In their second outing under the most recent reboot, the reptilian brothers take on another major menace while addressing fraternal issues which threaten to break their bond.
Shredder, arrested in the previous movie, is broken free while in transit and allies himself with rescuer Baxter Stockman to welcome vile tentacled alien Krang, intent upon world domination. Only one thing stands in their way – well, four things, actually, and they live in the New York sewers…
This sequel to the 2014 reboot adds familiar characters to the mix – Casey Jones, Bebop and Rocksteady, and a delightfully nauseating Krang. The human cast members do perfectly well – Stephen (Green Arrow) Amell’s Casey Jones is particularly welcome – but the movie belongs to the Turtles.

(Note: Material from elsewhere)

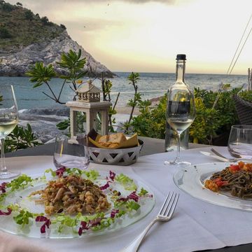 Jantar à luz de velas em um pequeno restaurante em Positano
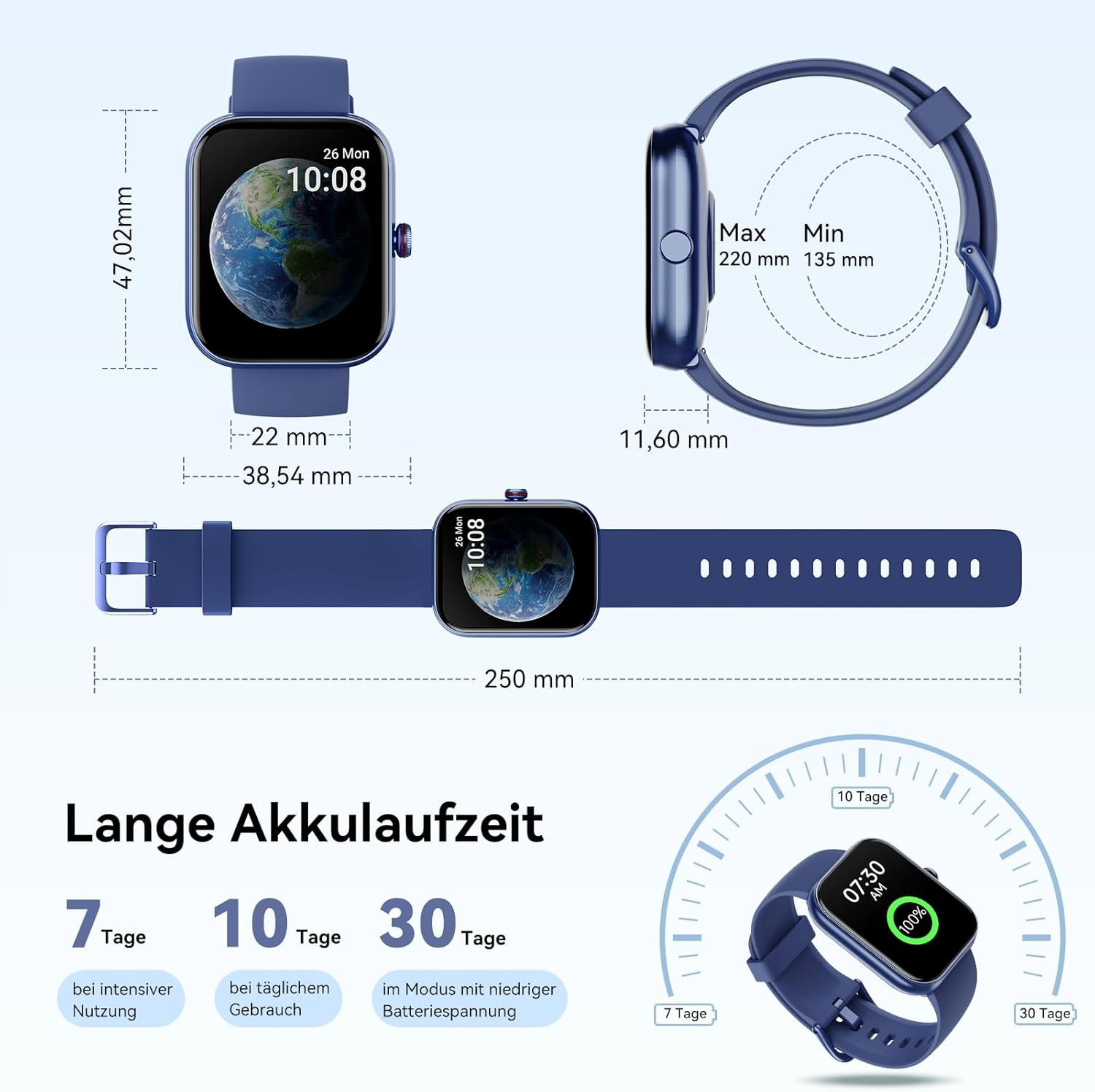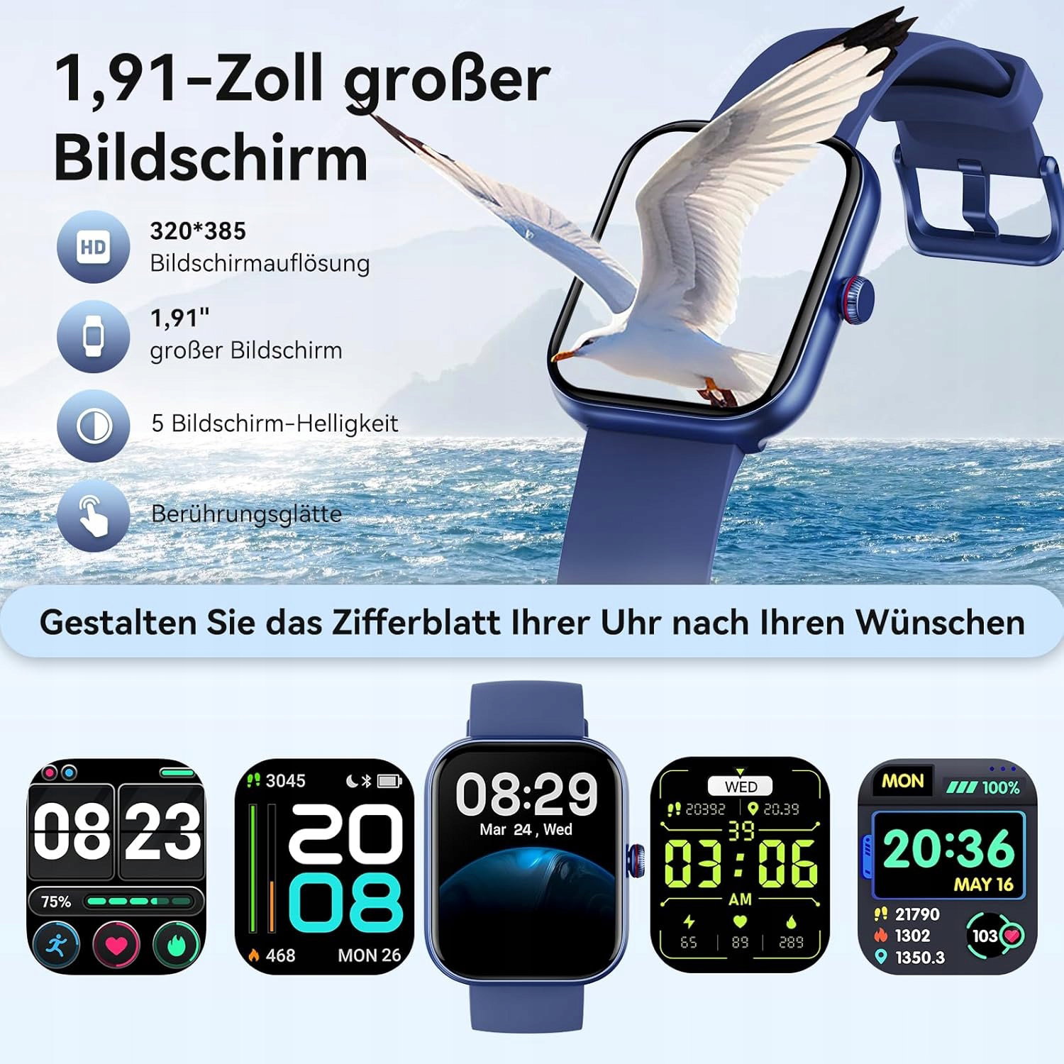 Doskonały wyświetlacz i funkcjonalność: inteligentna bransoletka dla kobiet ma doskonały 1,91-calowy ekran dotykowy HD. Za pomocą pokrętła po prawej stronie możesz szybko przewijać menu. Możesz wybierać spośród ponad 100 tarcz lub dodawać ulubione zdjęcia do zegarka cyfrowego, dzięki czemu możesz łatwo dostosować swój tracker aktywności. Twój styl należy do Ciebie.

They are brilliantly designed, with far more than just different coloured bandannas to differentiate them. They are fully fledged individuals, with different physiques, faces, body languages and ways of self-expression. Anyone interested in creating original characters would be well-advised to study the work that designers, writers and performers have put in here.
The film is Big. Dumb. Fun. Every one of those words applies. It is profoundly silly, even for a film which is built around 4 man-sized reptiles with martial arts skills, but it works. It is largely the Turtles who make it work through sheer force of personality, although the equally silly Bebop and Rocksteady help, too.
The visuals are consistently extremely good and often amazing. The Turtles themselves are never less than 100% convincing, but there is much which has to be CGI (the river chase, the dustcart add-ons) but which you would swear is real.
The story is fine (if silly), but the script is good. It is often witty, and it has some depth, too, with the relationship between the brothers – sometimes fractious but always deep and true (just like real siblings) – at its heart.
This is another movie where the 3D isn’t bad, especially in the final action set-piece.
Yes, it’s daft, but I really liked it.